Who was that grad student?

About a million years ago, when I was in college, I did my senior thesis on Virginia Woolf. It was an odd choice of topic – for an American Studies major – but my department was an easygoing place. They didn’t mind that I was preparing to launch my deepest academic work on a British author I knew nothing about. They just asked me to find my own qualified advisor (which they might have thought would be limiting) so I queried my friends in the dining hall, and someone recommended J. Hillis Miller (a famed member of the Yale deconstructionists). I made an appointment, and asked if he would take me on.

I have no idea why he said yes. I may have struck him as a raw primitive, he may just have been that sort of professor. On that first day, he established the rules. Read everything that Virginia Woolf had ever written, several times if possible. Read the autobiography by her nephew Quentin Bell. Read not one word of criticism or review. Not an essay, not a book, not a damn student editorial. And meet with him, once a week, for an hour, maybe two. (Can you believe that? Yale was great.)

I don’t remember any particular form for our sessions. I don’t remember poring over lines from the text, or discussing any literary theory. I don’t remember any formal analysis at all; mostly, we just chatted about whatever I was reading then. It was courteous; there was a pretense of intellectual equality. I remember my youthful enthusiasms; I must have bored him terribly. And then, when the hour or so was up, Professor Miller said “Alright, Laura, back to your reading.”

And that is how I spent many months, steeped in Virginia Woolf – her life and temperament so different from my own – with no particular expectations and no particular knowledge. It was magical. I don’t know how much I remember from that reading – I have that sort of mind – but I did eventually write a brutally long essay on The Waves. No evidence of it exists – thankfully – but I vaguely remember an experimental beginning in stream-of-consciousness style. Ouch.

It seems to me that I often don’t know when I am in the middle of an extraordinary moment, when I am doing something I will never do again, and those months reading Virginia Woolf and talking about it with Hillis Miller, in that way, in that delightfully casual way, was such a moment.

I also learned two things.

One, it is a great pleasure to discover something in literature for oneself. To read a review, a critique, or an analysis is to lose something of one’s own impressions forever. I am careful of the chatter of other minds, even if they are better than my own. I try to strike the balance thoughtfully: between reading what others are reading at a given moment,which offers the great pleasure of shared experience, and reading what no-one else is reading at the time, for the different pleasure of silent space.

Two, when I write, I focus. I rewrote that senior thesis, all 50-some pages of it, on the day before it was due. I had woken up with the clear realization that the essay was terrible, and also with a clear idea of how to fix it.
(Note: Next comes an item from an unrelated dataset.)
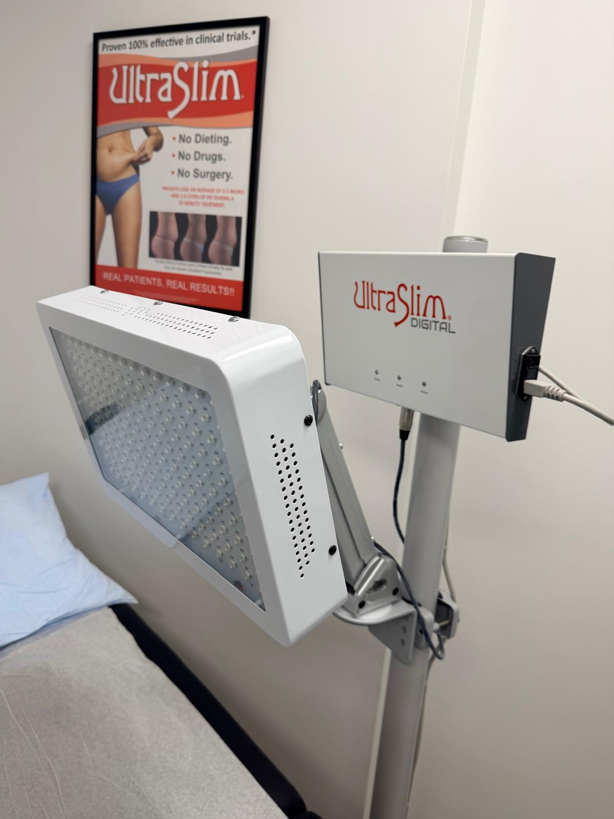 The patented UltraSlim mechanism of action delivers a unique, high-powered red light, which is absorbed by the chromophores of the mitochondria (cytochrome c oxidase), causing the adipocyte to respond as if it was a time of famine. The fat cell’s membrane is disrupted, resulting in temporary pores which allow the fat to escape.

It was a Thursday in December, bitterly cold. I went to the Mudd Library, which had wonderful light, and I sat down at a table in the middle of the reading room and began to write. I wrote furiously. I remember my hand cramping several times, and I remember shaking my fingers angrily. I had to hurry.

I started writing when the doors opened at eight, and when I finished, when I wrote the very last word, the first thing I did was look at my watch. It was after four in the afternoon. I was relieved that I had finished before the library closed at five, I was surprised that I had been sitting so long. I remember those two thoughts, and then I remember realizing that I was cold. I was freezing. I was so cold that the feet of my chair were banging against the wood floor as my body shook. I could barely stand up – I was so cold and cramped – and also, I was hungry, I needed a bathroom, and it was getting dark; I could barely see the page on which I had just been writing. I looked up to see a young man, a graduate student probably, dressed in a winter coat and a stocking cap and gloves, with a red nose.

“Are you finished?” he said.

“I’m cold,” I almost yelled back. “There’s something wrong with the heat in here. I’m really cold. And it’s dark.” I was a bit frantic, not at all polite.

“Yes,” he said. ‘The power went out about ten this morning. The library’s been closed since noon. We asked you to leave several times, but you never looked up, so I said I would just wait here until you were done.”

I really wish I knew who that man was. Wow, I really wish I knew who he was. But then, perhaps you can see why I stopped writing when my children were small.